After reading the NGFW Policy Order of Operations guide here, https://www.cisco.com/c/dam/en/us/td/docs/security/firepower/Self-Help/NGFW_Policy_Order_of_Operations.pdf
I am even more confused about how the firepower device processes rules. According to this guide, if I want to block all port 443, but allow access to google drive, I would need to put a rule blocking 443 before the rule allowing google drive. This is on page 5 of the linked guide.
Could someone please explain how a setup like that would allow google drive while simultaneously blocking all 443 traffic?
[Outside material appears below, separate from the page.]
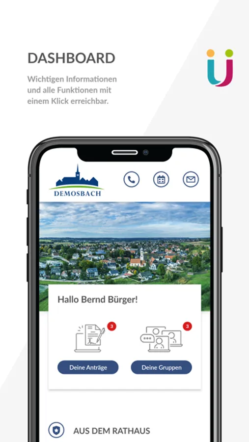 Egal ob von zu Hause, vom Arbeitsplatz oder unterwegs: Mit der Bürger Plus APP sind alle wichtigen Informationen, News, Events und vieles mehr auf einen Blick verfügbar. Sie können einfach und bequem Anträge bei Ihrer Stadt oder Gemeinde einreichen. Dank der Terminvereinbarung und Kontakt-Funktion sind Anliegen schnell geklärt. Holen Sie sich das Bürgerbüro mit der Bürger Plus APP quasi direkt zu Ihnen.

If the block for port 443 comes before the application detection rule for google drive, the application detection rule would never be able to identify a google drive connection, because it would be blocked at the very first packet.
I think I understand the order of operations, but I'm trying to figure out if there is a discrepancy in the guide I'm reading, since it it proposing to make a 443 blacklist ACE in the ACP before the application detection ACE for allowing google drive.
It would seem to me that such a configuration would not properly allow google drive to work, since all 443 traffic would be blocked prior to the google drive allow - e.g. the application detection would not be able to do it's job because the 443 block ACE is preventing any packets from getting through. However the cisco published guide is clearly stating this is the preferred way to set up such a configuration.
Assuming you were in some ultra-high security environment where you were doing zero trust and whitelisting, blocking 443 at the top of the ACL would render any application detection useless, correct?